Maintain neutral: Palm oil inventories continued rising for the third consecutive month, closing at 2.09 million tonnes, which incidentally is also the highest level since April 2013. On a more positive note, the zero export tax coupled with low palm oil prices helped exports, which may otherwise have had a more telling effect on the inventory build-up.
Meanwhile, September 2014’s average crude palm oil (CPO) price fell to RM2,089 per tonne from RM2,152 per tonne in August and was also relatively weaker compared to September 2013’s RM2,354 per tonne. CPO prices dipped to RM1,942 per tonne, the lowest level in five years before slowly recovering to the current level of RM2,204 per tonne. We maintain our full-year crude palm oil price assumption of RM2,450 per tonne and RM2,550 per tonne for 2014 and 2015 respectively.
Palm oil exports improved 13.3% month-on-month (m-o-m) and 1.2% year-on-year. Despite weaker m-o-m demand from Pakistan (-50.4%) and the United States (-26.4%), exports were driven by stronger demand from China (+5.1%), Europe (+5.6%), India (+22.5%) and other nations (+27%). Year-to-date, palm oil exports came down by 6%, mainly due to a strong decline of demand from China, Pakistan and the US.
The zero exports tax coupled with the upcoming Deepavali celebration has, however, encouraged stronger buying interest from India. Imports may slow in coming months though, because of the congestion at ports and rising stockpiles, which probably reached two million tonnes at the end of September.
Monthly CPO production in Peninsular Malaysia and East Malaysia was down 9.1% and 3.7% respectively. Overall, Malaysia’s production dropped 6.6% to 1.89 million tonnes while fresh fruit bunch (FFB) yield averaged at 1.82 tonners per hectare compared to 1.94 tonnes per hectare in August. We expect production to remain high for the next two months.

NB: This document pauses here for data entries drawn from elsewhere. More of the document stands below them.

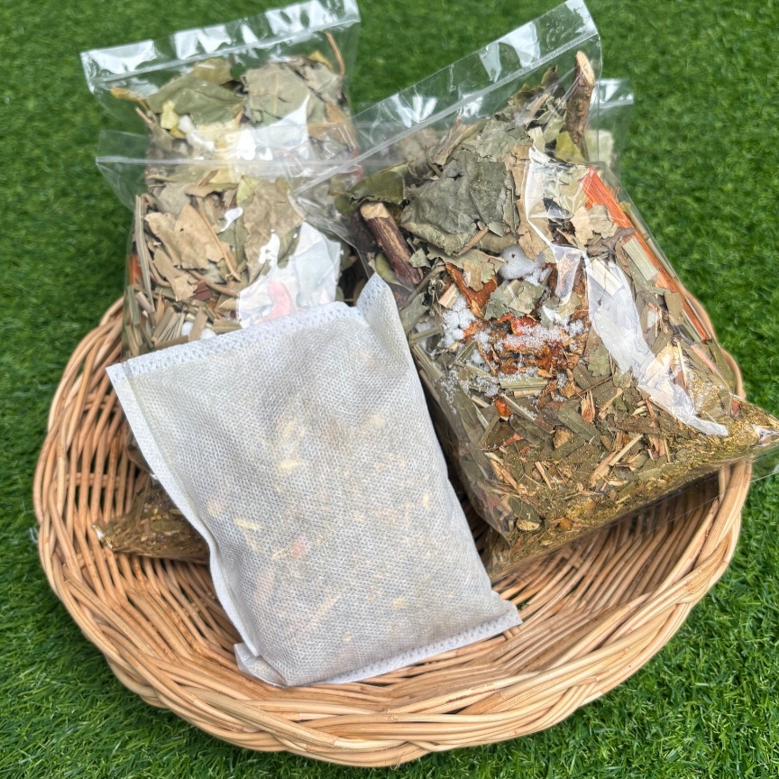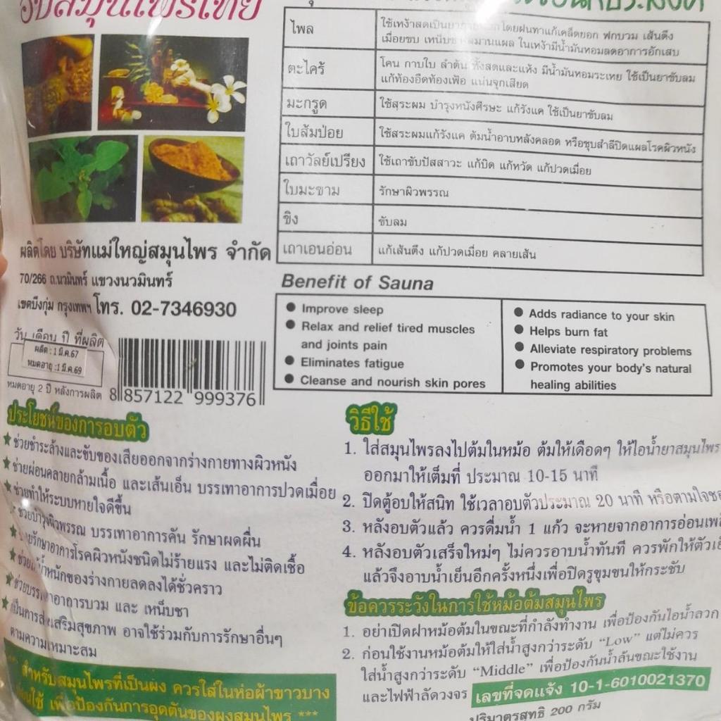 แม่ใหญ่ สมุนไพรอบตัว ชนิดบด สูตรเข้มข้น พร้อมถุงผ้า อบสมุนไพร อบกระโจม ปริมาณ 200 กรัม
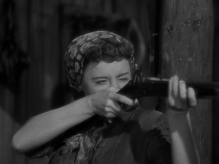 Tengo la impresión de que el código Hays tiene casi toda la culpa de lo insípida que a ratos parece esta peli. Por su causa no se puede explicitar el amor que Hanna debe sentir por su protector Steely (Donlevy) y el tema de la bigamía de Hoyt es tan delicado que se ha optado por evitar cualquier tensión moral. En este aspecto la verdad es que Wellman o sus guionistas han pecado de ramplones, pues ni siquiera han apostado por la insinuación. Hay algunos momentos de los que no sabe uno qué pensar, como el de la muerte de Hoyt cuando le pide a Hannah un beso y al agacharse ella para dárselo ¡se muere sin llegar a recibirlo! y además sin que podamos verlo. Recordemos que el código no consentía besos entre no casados en horizontal, e incluso entre casados con cuidado. Esto me recuerda algo curioso: varias escenas dramáticas en las que Wellman -son esas migajas de arte y ensayo que le gustaba dejar- mantiene a los actores en sombra, como para disculpar a los personajes por los turbios sentimientos que los mueven en ese momento.
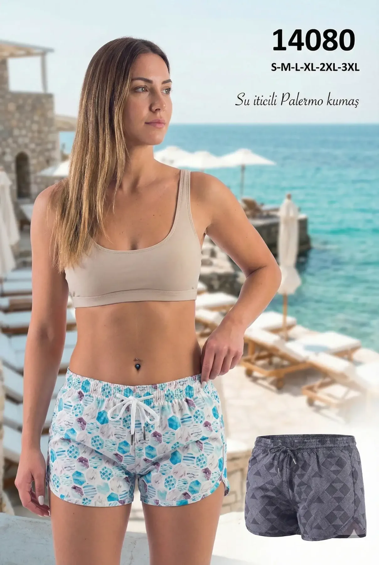 toptan kadın deniz şortu geometrik desenli 14080
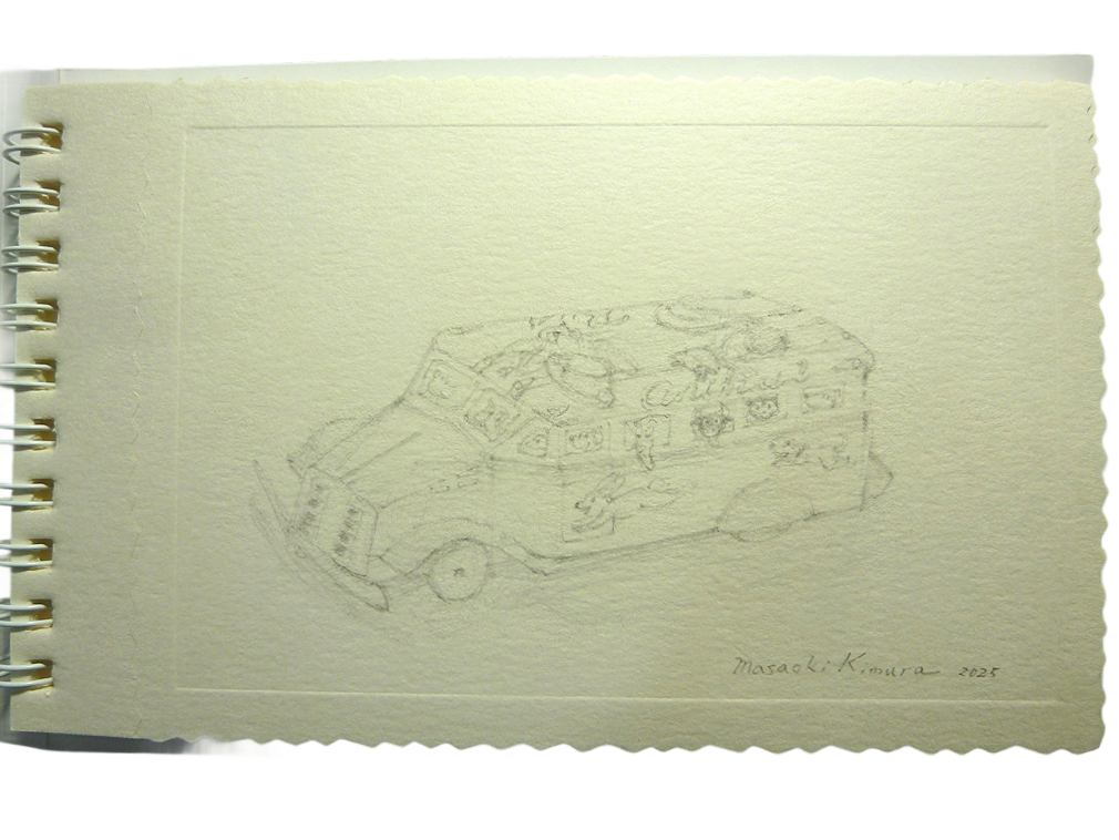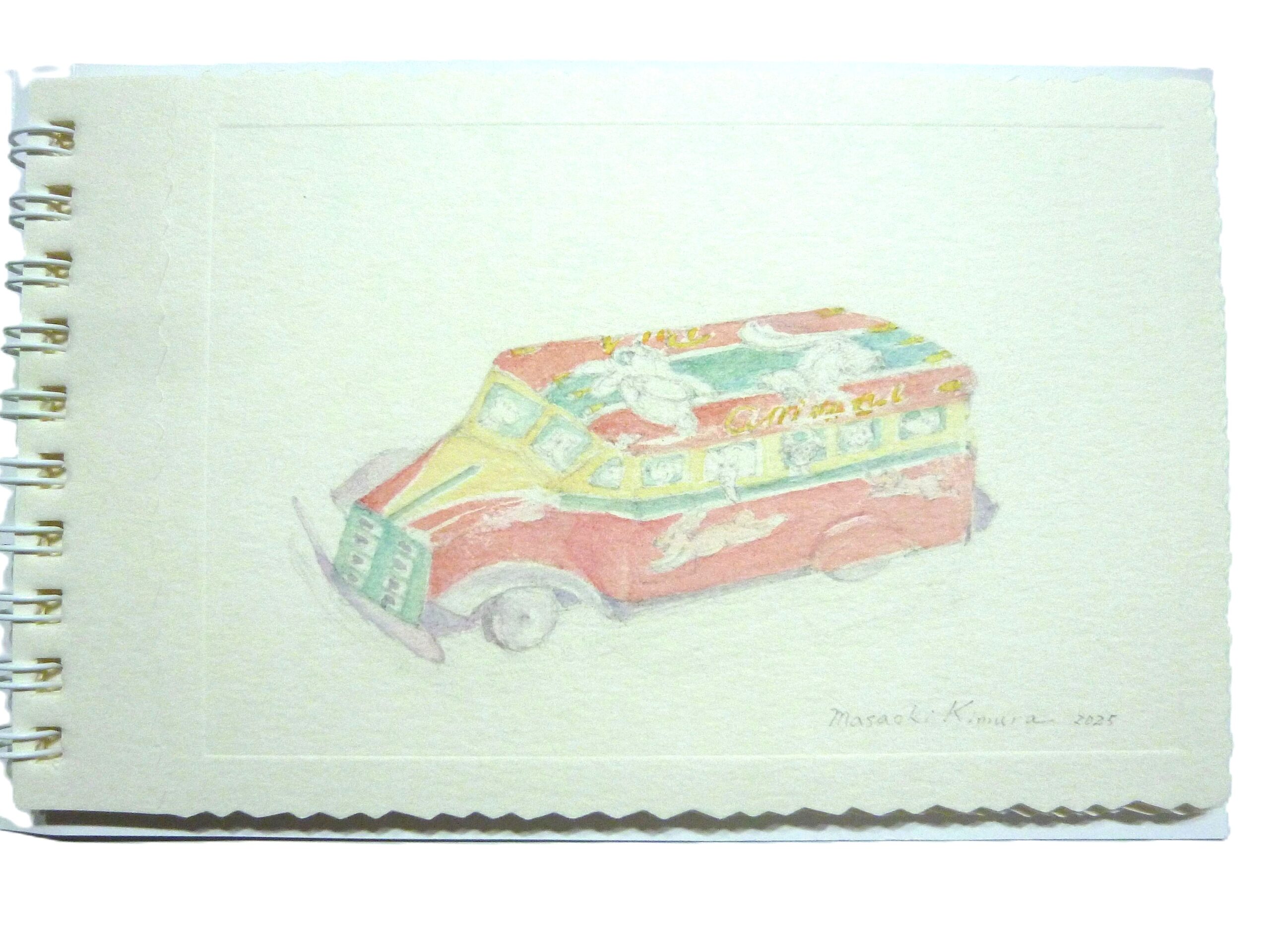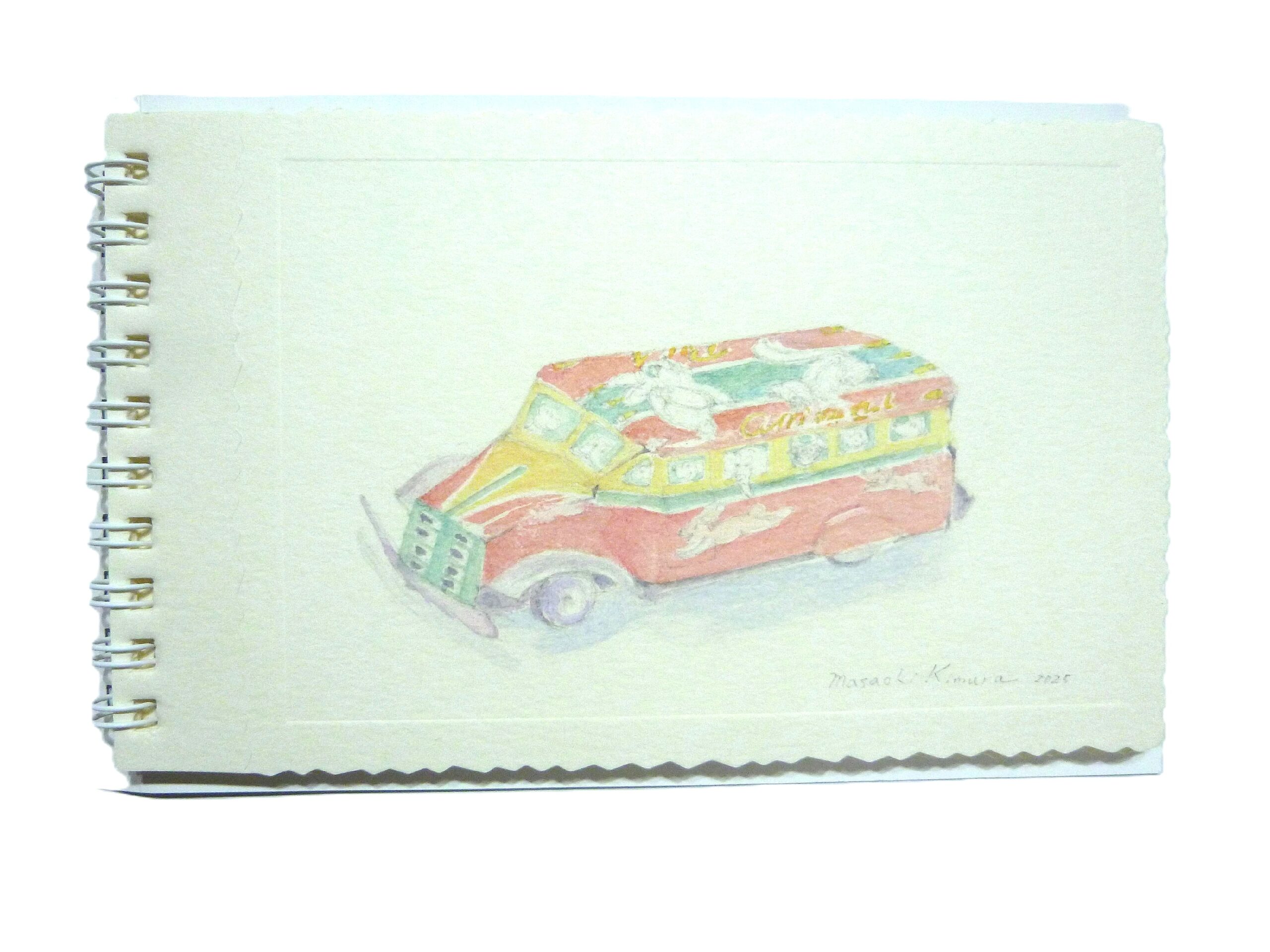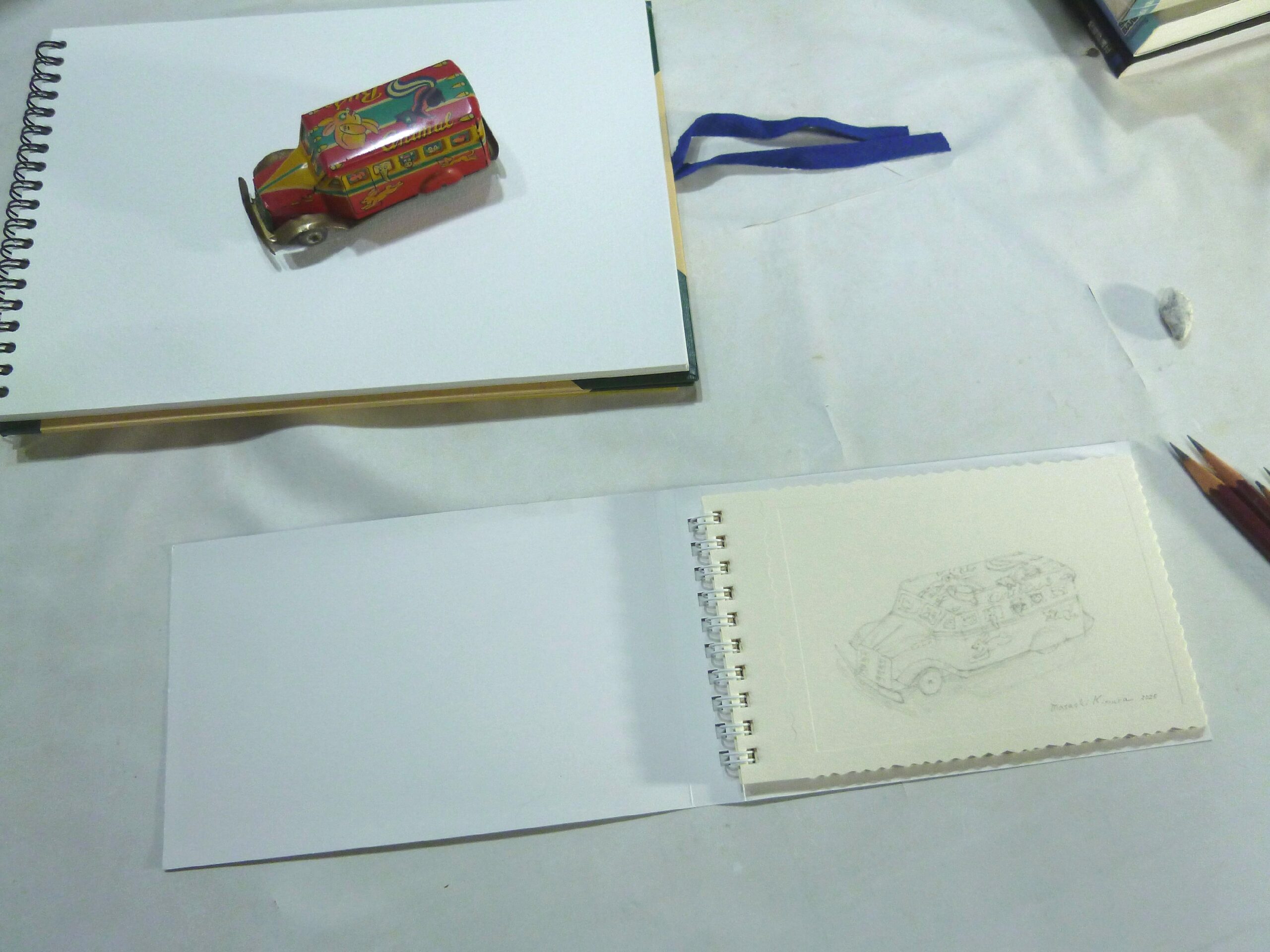 1950年代の長さ10cmほどの動物バスを描いてみました。F2のスケッチブックにすべきでしたが、途中で気が付きました。このポストカード紙は目が荒く、細かい描写には不向きでした。下は制作風景。
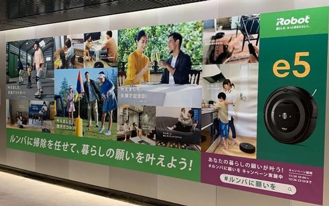 iRobotは東急田園都市線渋谷駅の地下2階に、ロボット掃除機「ルンバ」の大型広告を掲出しました。杉山愛さんら著名人が出演し、Twitterの「#ルンバに願いを」キャンペーンをPRしています。
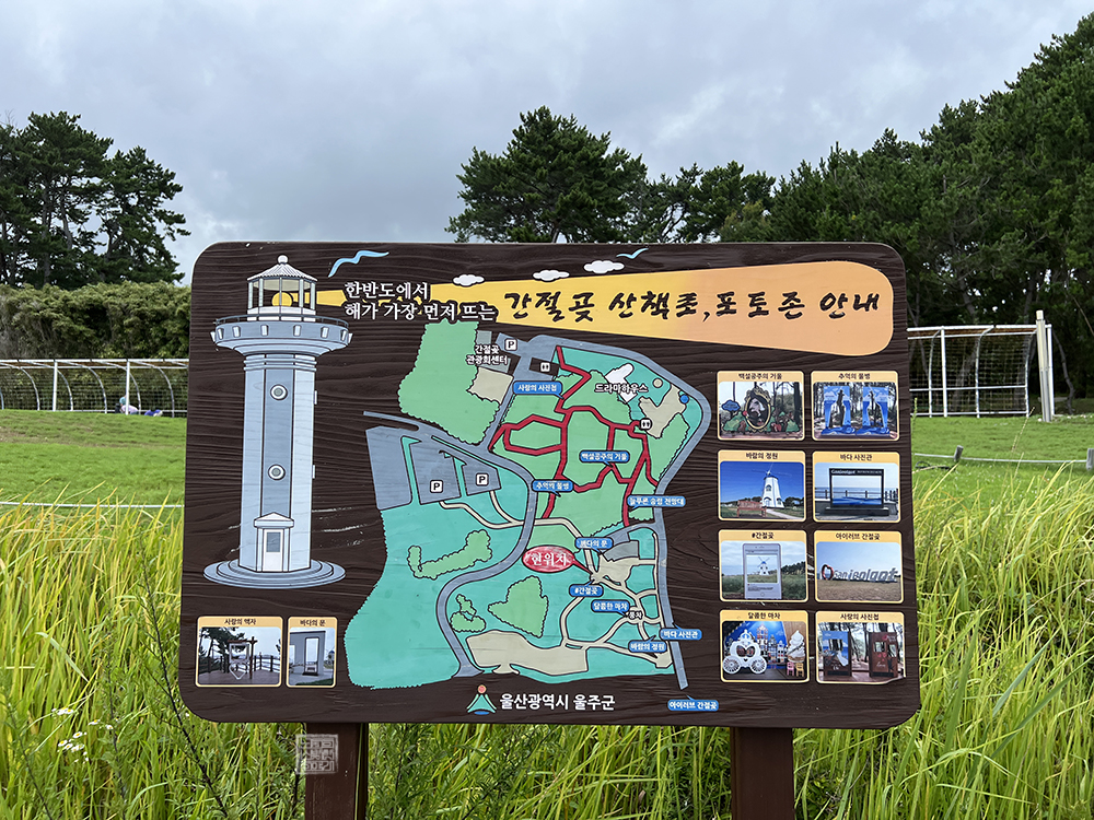 그렇게 천천히 산책로를 돌아보면서 다시 차를 주차한 곳으로 발걸음을 옮길 때 위 사진에서 볼 수 있는 간절곶 산책로와 포토존을 보여주는 팻말을 만날 수 있었다. 마음 먹고 간절곶 산책로를 돌려고 한다면 조금 더 크게 돌아볼 수도 있는데, 당일 하늘이 희한하게 한쪽만 파란 하늘이었기 때문에 나와 어머니는 파란 하늘 쪽만 걸었다.
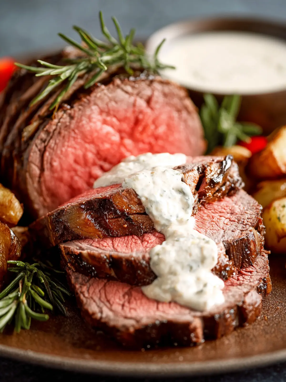 What sets this roast beef tenderloin apart is its combination of rich flavors. The savory herbs and spices create a delightful crust that enhances the beef’s natural taste, while the horseradish sauce adds just the right amount of zing. It’s a taste sensation that elevates any meal from ordinary to extraordinary.
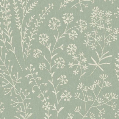 Grandeco Astrid Embroidery Stitch Herbarium Foliage Trail Vinyl Wallpaper, Sage Green A58702

According to independent market surveyor Intertek, the first 10 days of October saw a drop of 19% in exports compared to the same period in September.
We prefer Genting Plantations and Ta Ann given their strong FFB production in the coming years, which will boost their earnings significantly. Sime Darby, which has remained a laggard amongst the plantation players, is expected to be in the spotlight driven by a series of potential corporate exercises.
— PublicInvest Research, Oct 13
This article first appeared in The Edge Financial Daily, on October 14, 2014.